Published on : Sep 22, 2017
In a defining study exploring the contrast between the cardiac tissues regeneration capability of humans and rodents, scientist have found that the complete cardiac repair in humans may rely on the body’s innate immune system, specifically on macrophages, large white blood cells integral to our immune system. The study conducted at Mount Desert Island Biological Laboratory, Maine, U.S., was led by the scientist James Godwin. The researchers exploring the role between macrophages and fibroblasts, the cells in connective tissues that promot healing, found that fibrosis is critical to impeding the regeneration and repair of heart. Fibrosis is the natural response to heart damage in adult mammals.
Adult Salamander Macrophage-Mediated Regeneration Template for Cardiac Recovery
The study was conducted on adult axolotl or Mexican salamander, the champions of scar-free regeneration of heart tissues, other than the urodele amphibian zebrafish, since they are naturally wired to replace lost cardiac tissues. The findings highlighted that inhibiting the process through macrophage-mediated control, along with the modification of extracellular matrix (ECM) promoted the complete regeneration in them.
This finding may act as a robust template to discover a therapeutic target for improving cardiac repair outcomes in mammals, especially humans. Though, as we grow, the regenerative ability of the heart tissues is lost and is mainly attributed to the lack of cardiomyocytes, the genetic programmability is due to other features of the ECM, mainly fibrosis.

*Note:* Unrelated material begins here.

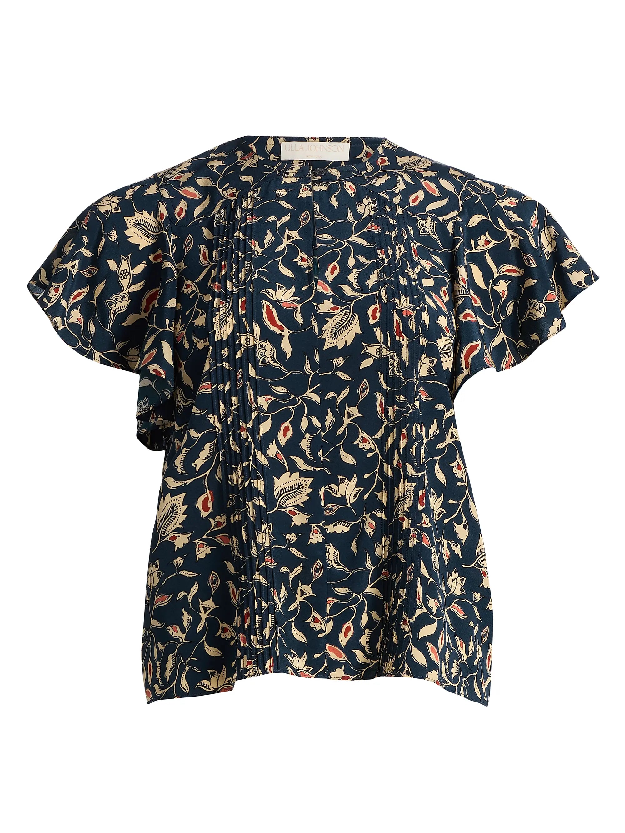 The Adoni top from Ulla Johnson is crafted of silk and designed with a floral print with pintuck detailing.

Drug Therapies Using Macrophages to Promote Cardiac Repair Outcomes
The researchers used a cardiac cryo-injury model for the Mexican salamander and induced a necrotic ischemic injury. They found that despite the activation of cardiomyocytes proliferation, macrophages leads to early ECM maturation and blocks regeneration. Thus, the depletion of macrophages have been found to impede fibrosis. Cardiomyocytes that play a crucial role in the repair of heart muscles.
The investigators believe that the results will useful in designing drug therapies using macrophages to promote heart regeneration or to induce genetic programming to promote scar-free cardiac repair. Though, progressive scarring inhibits the functionality of macrophages, it isn’t yet clear that the scarring is the only factor responsible for preventing regeneration. At present, the team is is actively looking for these drug targets.